Le Christ y est apparu davantage dans sa dimension incarnée, dans l’humilité du partage de notre condition humaine, plutôt que dans sa dimension glorieuse et transfigurée de fils de Dieu. Ce qui en soi constituait une forme de révolution.
C’est un moment unique dans l’histoire de l’art chrétien. Par la suite cette représentation humaine dans les scènes religieuses connaîtra toutes sortes d’aventures (et aussi de débordements excessifs) au gré des modes picturales profanes : classicisme, maniérisme, académisme, sentimentalisme, impressionnisme, abstraction, art conceptuel et autres.
L’art religieux du XVème siècle présente un subtil et délicat équilibre entre la dimension symbolique de l’art primitif chrétien, d’origine orientale, et le surgissement de la dimension humaine dans l’art chrétien occidental.

Peinture originale du Maître de la Vie de Marie
Bien qu’exerçant son art à Cologne, le Maître de la Vie de Marie semble avoir été formé aux Pays-Bas.
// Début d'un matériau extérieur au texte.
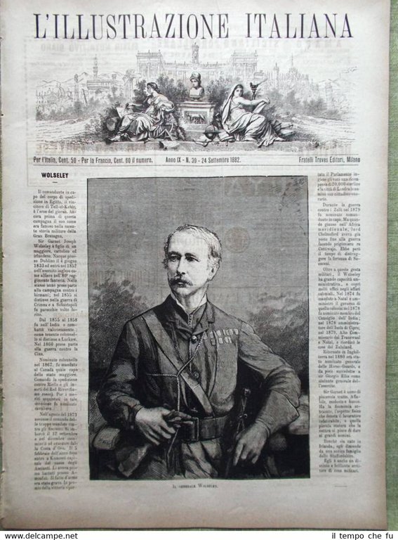 L'Illustrazione Italiana Rivista originale del 24 Settembre 1882 Anno 9 - N. 39 Rarità per appassionati e collezionisti Segue sotto solamente un saggio del ricco contenuto presente Illustrato in copertina (segue foto): Il generale Garnet Wolseley Illustrazione presente nelle pagine interne (segue foto): Le grandi manovre dell'Umbria Altra Illustrazione presente nelle pagine interne (segue foto): Lungo la ferrovia del Gottardo Tra gli argomenti trattati e le notizie contenute: L'esposizione di Messina e di Arezzo Lettere dall'Egitto: Attia Hassan. Invetriate dipinte da Francesco Moretti di Perugia. Brera nel 1882: verso sera (Angelo Dall'Oca). La morte di Paolo Giacometti. .e tanto altro ancora! Qualora vogliate maggiori delucidazioni contattateci. In questo negozio troverai un'intera categoria dedicata alla collezione dell'Illustrazione Italiana , ne inseriamo diverse giornalmente. Sotto il link diretto a tutta la collezione: Riviste disponibili Cliccaci sopra, troverai di certo ciò che cerchi! L'illustrazione Italiana è stata una rivista settimanale italiana con sede a Milano, pubblicata ininterrottamente dal 1873 al 1962 per un totale di quasi 5 000 numeri. Fondata a Milano con la testata «Nuova illustrazione universale», fu edita dalla casa editrice Fratelli Treves, fondata da Emilio Treves, il quale fu anche il primo direttore della rivista. L'illustrazione italiana comincia ad avere un'ampia diffusione negli ambienti della medio-alta borghesia, grazie alla qualità degli articoli e soprattutto delle illustrazioni, spesso affidate ad artisti di primo piano come Achille Beltrame, Pietro Scoppetta, Luigi Bompard, Giuseppe Cosenza ed Ettore Ximenes (il quale svolgeva anche le funzioni di vicedirettore), tale qualità fu mantenuta poi nel tempo anche in seguito all'avvento della fotografia, tecnica che vide rappresentati sulle pagine dell'«Illustrazione» alcuni tra i migliori fotogiornalisti nazionali: Armando Bruni, Mario Crimella, Giulio Parisio ed Emilio Sommariva. Per i testi il periodico si avvalse della collaborazione, in qualità di articolisti, di alcuni dei nomi più importanti della letteratura italiana, fra cui ricordiamo Giosuè Carducci, Grazia Deledda e Luigi Pirandello (premi Nobel per la letteratura), lo scrittore verista Giovanni Verga, il poeta Gabriele D'Annunzio, il critico letterario e favolista Luigi Capuana ed Edmondo De Amicis, autore del celeberrimo romanzo "Cuore", capolavoro della letteratura per ragazzi. La grande fortuna dell'Illustrazione Italiana durò fino alla morte di Emilio Treves (1916), dopo la quale, pur avendo ancora tra i propri collaboratori scrittori del calibro di Eugenio Montale, Elio Vittorini, Salvatore Quasimodo, Riccardo Bacchelli, Italo Pietra, Niccolò Giani e Sergio Solmi, la rivista cominciò a mostrare i segni di un lento declino. La promulgazione delle leggi razziali fasciste accelerò il processo in atto: nel 1939 la Treves dovette cedere l'azienda alla Garzanti. Verso la metà del 1942, in seguito agli eventi della seconda guerra mondiale, L'illustrazione rallentò le sue uscite, fino ad essere trasformata in mensile nel 1951 da Livio Garzanti. Gli anni cinquanta videro la crescita vertiginosa dei rotocalchi, settimanali popolari di attualità. «L'Illustrazione Italiana» vide ridursi progressivamente il suo spazio, finché Garzanti la chiuse nel 1962. L'editore Guanda riprese la testata alla fine del 1981 e la ripubblicò con periodicità bimestrale. Il tentativo non incontrò sufficiente fortuna e la rivista fu chiusa nel 1996. Paypal Carta di credito Bonifico bancario Spedizione con posta ordinaria o tracciata scelta dall'Acquirente nel momento del pagamento

Sa représentation de la crucifixion témoigne tout à fait de la juxtaposition des symboles sacrés hérités de l’iconographie traditionnelle et en même temps de l’humanisation des personnages propre à cette période charnière.
Une version « enténébrée » de la crucifixion

Réinterprétation d’une scène de la crucifixion du Maître de la Vie de Marie sous forme de « vitrail numérique » par l’Atelier Dominique-Emmanuel
Pour la réinterprétation de la crucifixion du Maître de la Vie de Marie sous forme de vitrail, le changement majeur que nous proposons, c’est de situer la scène dans le contexte d’une éclipse solaire, en suivant la parole citée en Mt 27,45 et Mc 15,33 :
« À midi, il y eut des ténèbres sur toute la terre jusqu’à trois heures. »
Cette interprétation tenant compte de ces ténèbres à l’heure de la crucifixion nous semble symboliquement plus juste que la représentation initiale sous un ciel bleu.
Ensuite nous avons un peu simplifié et universalisé les vêtements qui étaient trop associés aux spécificités culturelles de l’époque, en particulier pour Marie-Madeleine.
Pour terminer, le graphisme et les couleurs ont été adaptés en fonction du rendu sous forme de Vitrail.
Pourquoi ne pas se contenter d’une simple reproduction d’une œuvre traditionnelle?
C’est une grande question! Pourquoi en effet s’acharner à réactualiser des œuvres anciennes alors qu’il est tellement plus simple et beaucoup moins coûteux de se satisfaire d’une reproduction imprimée?
D’autant plus que certaines anciennes œuvres témoignent d’un esprit, d’une beauté et d’une maîtrise technique inégalés!
La réponse nous semble évidente, la foi chrétienne subsistera tant qu’il y aura des personnes prêtes à l’incarner, dans les prières comme dans la vie.
Il en va naturellement ainsi pour l’art chrétien, il restera vivant tant que des artistes l’incarneront et le renouvelleront!